**WHAT TO WORK ON:** With the pictures omitted, transcribe each line below exactly as it is.

**COLLECTED DATA:**
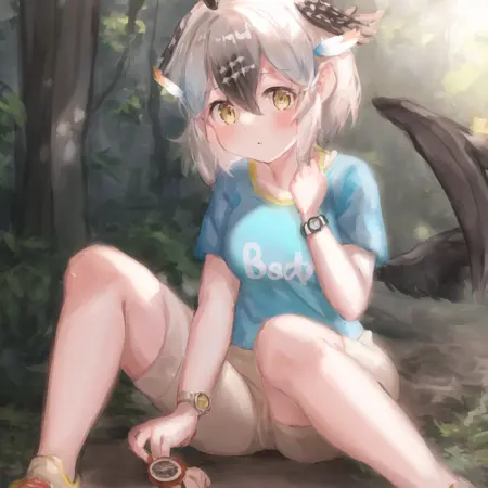 生成标签:kusomeepchan, 1girl, ((solo)), shirt, beige hair, short sleeves, head wings, bird tail, beige bike shorts, short hair, hair between eyes, aqua t-shirt, shirt writing, bangs, hair tubes, yellow eyes, feather hair ornament, sidelocks, bare arms, watch
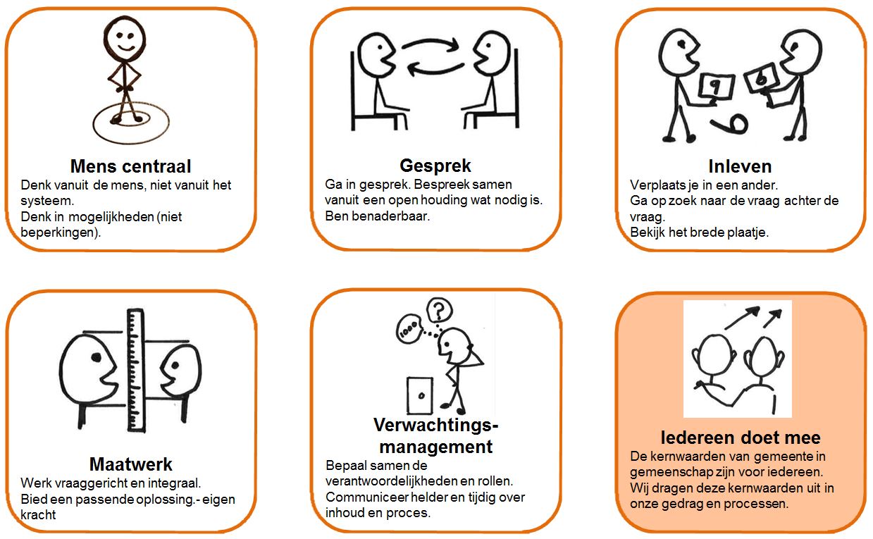 Voor alle medewerkers van de gemeente Beesel gelden de zes kenwaarden van een Gemeente in Gemeenschap: Mens centraal, Ga in Gesprek, Inleven, Maatwerk, Verwachtingsmanagement en Iedereen doet mee. Deze kernwaarden passen we toe in ons dagelijks werk; zowel in onze processen als in onze houding en ons gedrag.
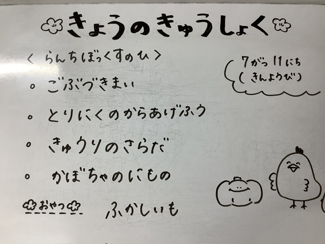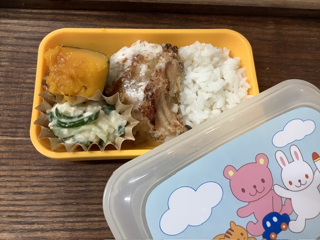 今日は、ランチボックスの日でした。あいにくの雨でしたが、ランチルームにブルーシートをひいて、こども達は楽しそうにランチボックスを食べていましたよ♪

**TASK OUTPUT:**
 生成标签:kusomeepchan, 1girl, ((solo)), shirt, beige hair, short sleeves, head wings, bird tail, beige bike shorts, short hair, hair between eyes, aqua t-shirt, shirt writing, bangs, hair tubes, yellow eyes, feather hair ornament, sidelocks, bare arms, watch
 Voor alle medewerkers van de gemeente Beesel gelden de zes kenwaarden van een Gemeente in Gemeenschap: Mens centraal, Ga in Gesprek, Inleven, Maatwerk, Verwachtingsmanagement en Iedereen doet mee. Deze kernwaarden passen we toe in ons dagelijks werk; zowel in onze processen als in onze houding en ons gedrag.
 今日は、ランチボックスの日でした。あいにくの雨でしたが、ランチルームにブルーシートをひいて、こども達は楽しそうにランチボックスを食べていましたよ♪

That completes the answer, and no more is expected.